▶ _HOW TO COMPLETE THIS TASK_: The answer is the data below, repeated exactly, with no pictures included.

▶ _EXERCISE DATA_:

+++

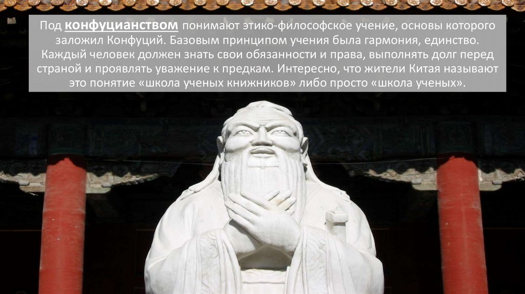 Под конфуцианством понимают этико-философское учение, основы которогозаложил Конфуций. Базовым принципом учения была гармония, единство.
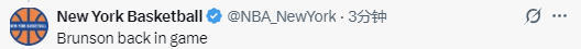 2026-03-05 10:00北京时间3月5日,NBA常规赛继续进行,尼克斯队对阵雷霆队。本场比赛进行到第三节,布伦森疑似腿部受伤,返回更衣室。在经过简单检查之后,布伦森已经重返赛场。
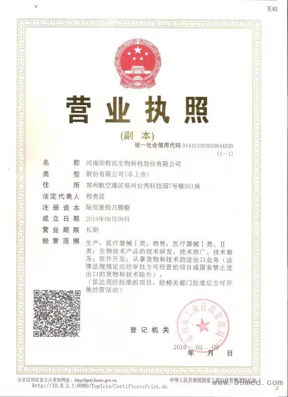 | 發(fā)證機(jī)構(gòu): | ??鄭州市工商行政管理局 | 發(fā)證時(shí)間 : | ??2016-03-09 |

+++

▶ _EXERCISE OUTPUT_:
 Под конфуцианством понимают этико-философское учение, основы которогозаложил Конфуций. Базовым принципом учения была гармония, единство.
 2026-03-05 10:00北京时间3月5日,NBA常规赛继续进行,尼克斯队对阵雷霆队。本场比赛进行到第三节,布伦森疑似腿部受伤,返回更衣室。在经过简单检查之后,布伦森已经重返赛场。
 | 發(fā)證機(jī)構(gòu): | ??鄭州市工商行政管理局 | 發(fā)證時(shí)間 : | ??2016-03-09 |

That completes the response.